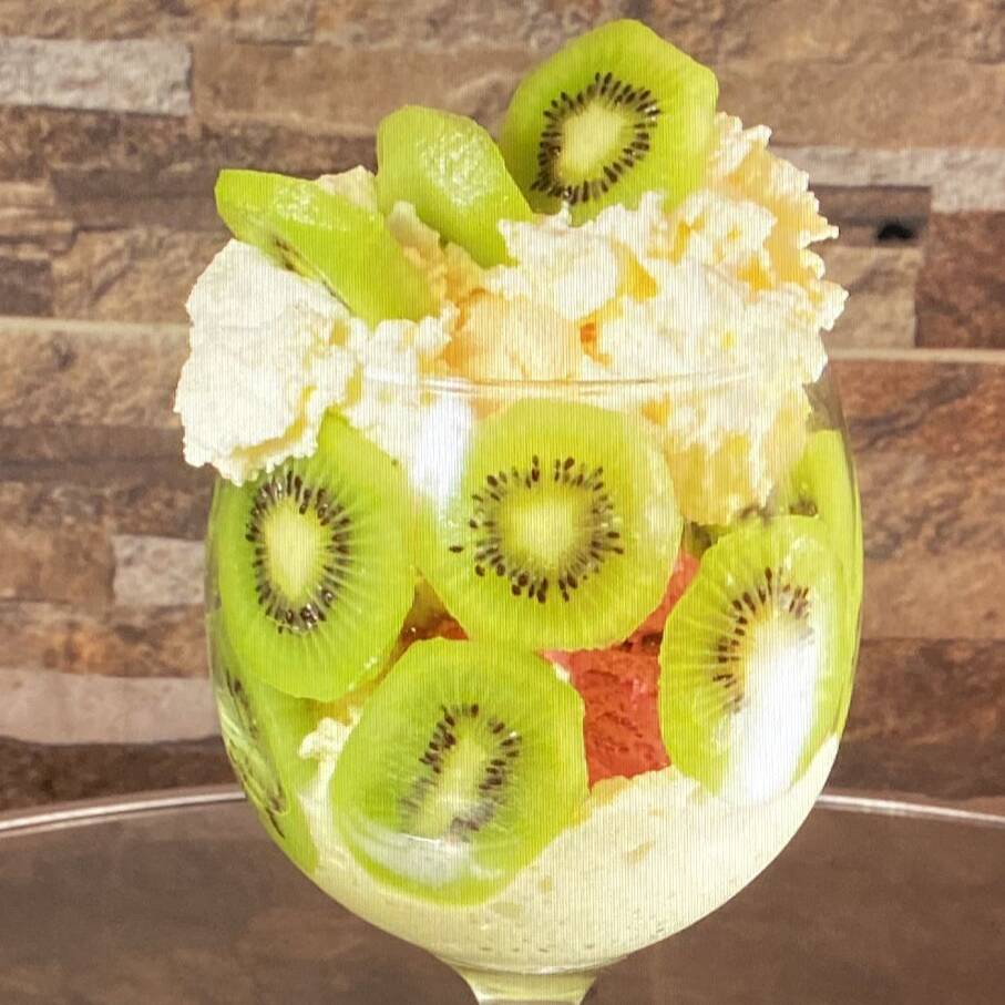 Deliciosa combinación de kiwi con 2 sabores de helado pistacho y chicle, queso, suave crema de chantillí. Decorado con crujiente barquillo.
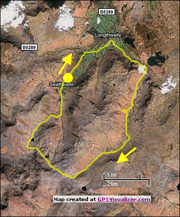 Seathwaite, Stonethwaite, Langstrath cave, Cam Crag, Esk Hause, Sty Head, Cumbria. Wed 14 Apr 2010
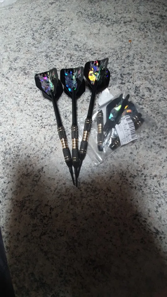 Хотелось бы поставить пять звёзд продавцу, и отправил быстро, и дошло за 10 дней, и сделаны качественно, но есть "ложка дектя" - толщина наконечников. Я не нашел нигде в интернете, что толщина наконечников может быть разная, однако у этих толщина (диаметр) меньше и из-за этого они в мишени не держатся!!! Поставил штатные наконечники из комплекта дартс (на фото белый) - всё стало как надо. Визуально это особо и не видно. У другого продавца брал так же комплект, та же проблема. Буду теперь подбирать и заказывать новые наконечники. Делаю также фото своего Дартс.
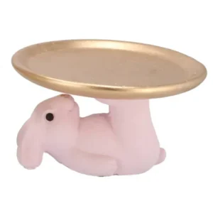 Vier Pasen in stijl met deze schattige konijnenschaal! Dit lieve konijntje ligt ontspannen op zijn rug en houdt een goudkleurig plateau omhoog, perfect voor het serveren van koekjes, chocolaatjes en natuurlijk paaseitjes. De speelse en charmante uitstraling maakt dit een echte eyecatcher op je paasontbijt of high tea.

**WORK TO BE COMPLETED**
Exactly as written, return each line above and leave the pictures behind.

**SOLVED EXERCISE**
 Deliciosa combinación de kiwi con 2 sabores de helado pistacho y chicle, queso, suave crema de chantillí. Decorado con crujiente barquillo.
 Seathwaite, Stonethwaite, Langstrath cave, Cam Crag, Esk Hause, Sty Head, Cumbria. Wed 14 Apr 2010
 Хотелось бы поставить пять звёзд продавцу, и отправил быстро, и дошло за 10 дней, и сделаны качественно, но есть "ложка дектя" - толщина наконечников. Я не нашел нигде в интернете, что толщина наконечников может быть разная, однако у этих толщина (диаметр) меньше и из-за этого они в мишени не держатся!!! Поставил штатные наконечники из комплекта дартс (на фото белый) - всё стало как надо. Визуально это особо и не видно. У другого продавца брал так же комплект, та же проблема. Буду теперь подбирать и заказывать новые наконечники. Делаю также фото своего Дартс.
 Vier Pasen in stijl met deze schattige konijnenschaal! Dit lieve konijntje ligt ontspannen op zijn rug en houdt een goudkleurig plateau omhoog, perfect voor het serveren van koekjes, chocolaatjes en natuurlijk paaseitjes. De speelse en charmante uitstraling maakt dit een echte eyecatcher op je paasontbijt of high tea.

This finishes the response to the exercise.